» Record extracts
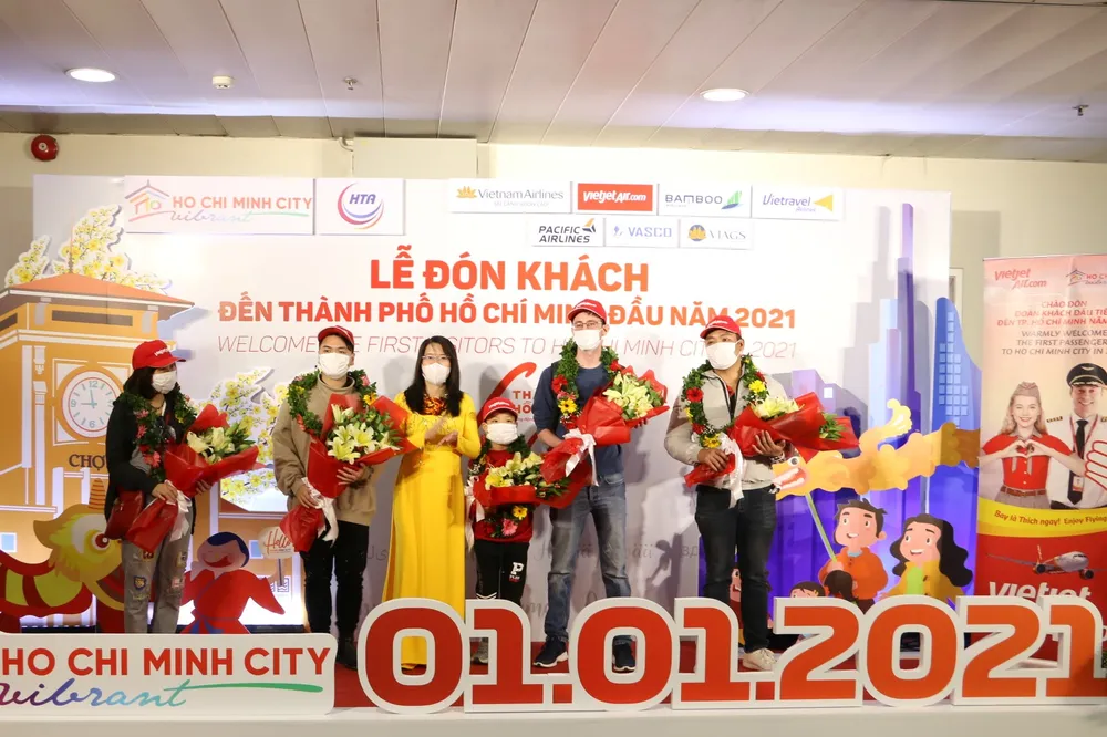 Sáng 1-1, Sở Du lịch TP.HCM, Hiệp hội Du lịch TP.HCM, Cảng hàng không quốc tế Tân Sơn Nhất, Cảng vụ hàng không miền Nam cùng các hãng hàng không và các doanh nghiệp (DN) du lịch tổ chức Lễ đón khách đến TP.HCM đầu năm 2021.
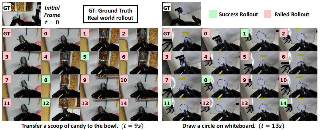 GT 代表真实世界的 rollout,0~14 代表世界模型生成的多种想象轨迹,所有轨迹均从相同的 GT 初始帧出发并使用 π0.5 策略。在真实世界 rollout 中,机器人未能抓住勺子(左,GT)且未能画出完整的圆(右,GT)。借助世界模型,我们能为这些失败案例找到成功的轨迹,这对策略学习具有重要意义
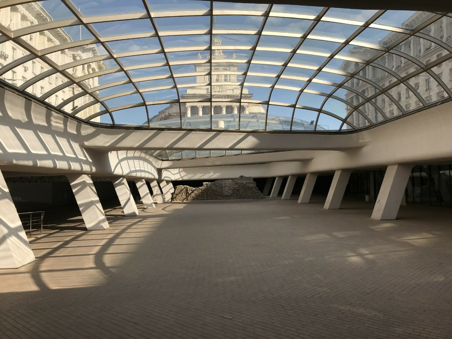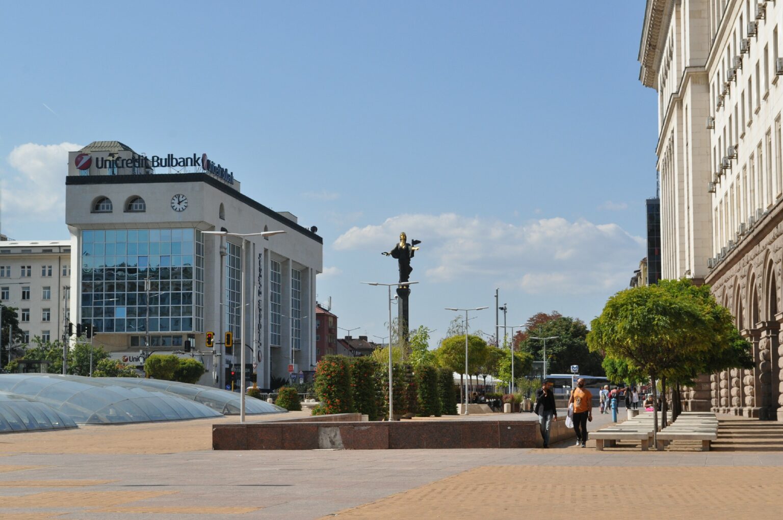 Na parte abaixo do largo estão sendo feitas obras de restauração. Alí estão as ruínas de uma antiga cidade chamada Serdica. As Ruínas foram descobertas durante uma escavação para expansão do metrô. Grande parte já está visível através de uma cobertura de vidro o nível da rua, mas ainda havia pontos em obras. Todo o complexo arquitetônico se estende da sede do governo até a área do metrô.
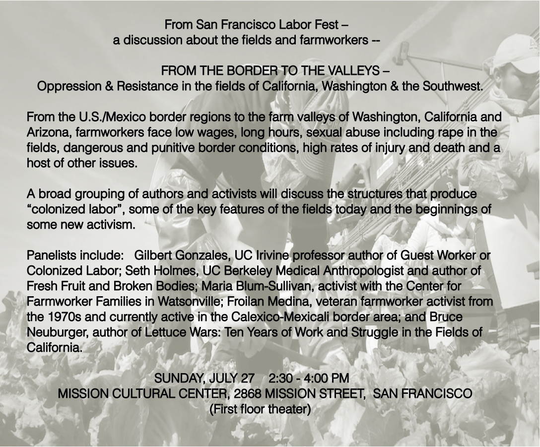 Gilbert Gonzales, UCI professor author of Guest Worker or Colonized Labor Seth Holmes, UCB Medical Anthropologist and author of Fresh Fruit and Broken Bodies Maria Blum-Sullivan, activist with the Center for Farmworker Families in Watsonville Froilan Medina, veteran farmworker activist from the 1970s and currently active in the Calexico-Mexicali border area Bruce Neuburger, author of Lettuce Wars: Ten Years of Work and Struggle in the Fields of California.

---

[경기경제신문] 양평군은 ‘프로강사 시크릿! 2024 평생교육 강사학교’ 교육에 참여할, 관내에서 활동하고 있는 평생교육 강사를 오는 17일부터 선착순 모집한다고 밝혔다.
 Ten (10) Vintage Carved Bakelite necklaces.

---

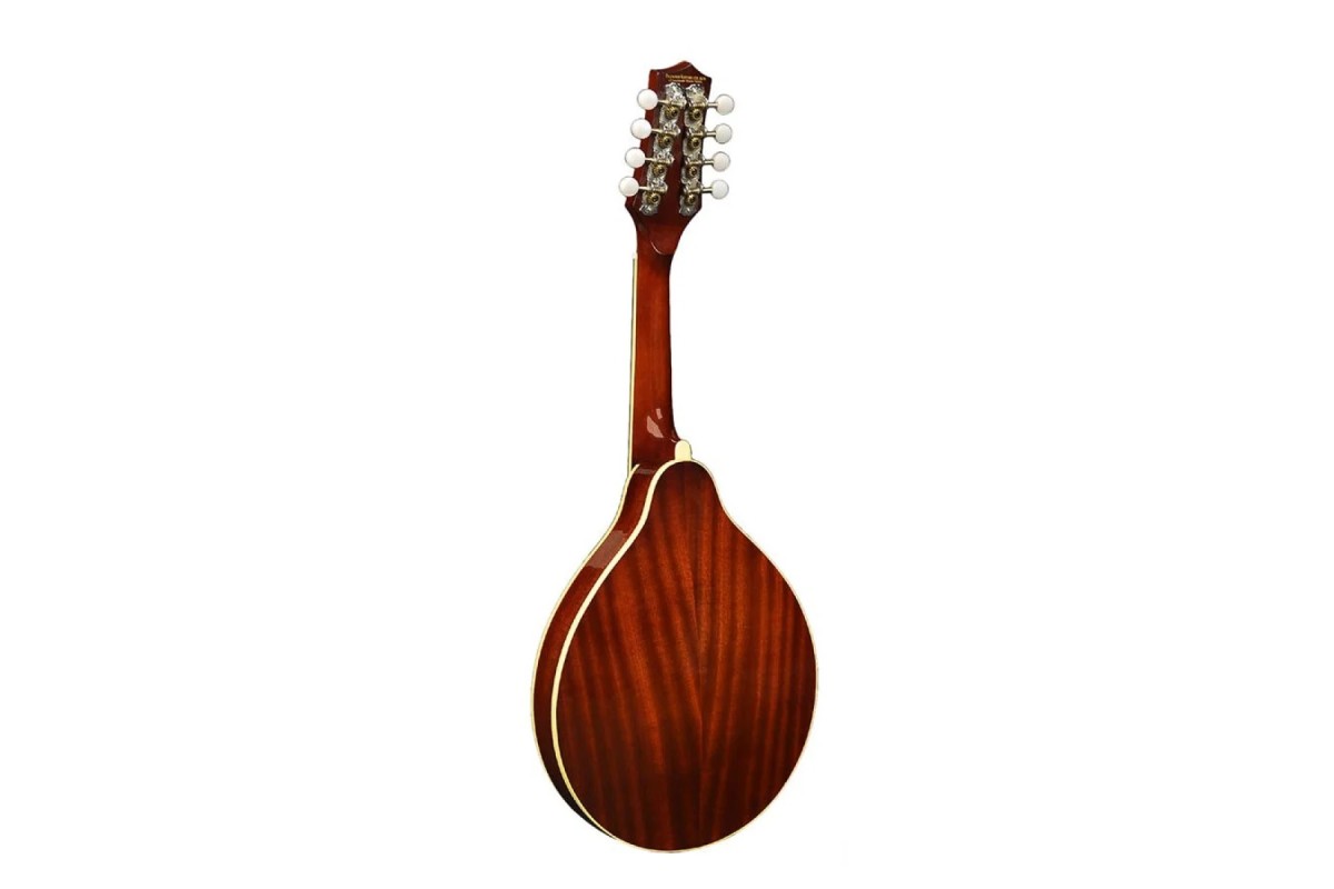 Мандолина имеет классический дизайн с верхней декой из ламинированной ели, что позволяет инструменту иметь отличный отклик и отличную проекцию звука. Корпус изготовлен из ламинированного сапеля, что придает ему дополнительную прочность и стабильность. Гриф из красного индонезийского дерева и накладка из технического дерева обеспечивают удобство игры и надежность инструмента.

» What needs to be done
Restate the lines above from the one containing "GT 代表真实世界的 rollout,0~14" through the one containing "Na parte abaixo", inclusive, exactly and without pictures.

» Problem solution
 GT 代表真实世界的 rollout,0~14 代表世界模型生成的多种想象轨迹,所有轨迹均从相同的 GT 初始帧出发并使用 π0.5 策略。在真实世界 rollout 中,机器人未能抓住勺子(左,GT)且未能画出完整的圆(右,GT)。借助世界模型,我们能为这些失败案例找到成功的轨迹,这对策略学习具有重要意义
 Na parte abaixo do largo estão sendo feitas obras de restauração. Alí estão as ruínas de uma antiga cidade chamada Serdica. As Ruínas foram descobertas durante uma escavação para expansão do metrô. Grande parte já está visível através de uma cobertura de vidro o nível da rua, mas ainda havia pontos em obras. Todo o complexo arquitetônico se estende da sede do governo até a área do metrô.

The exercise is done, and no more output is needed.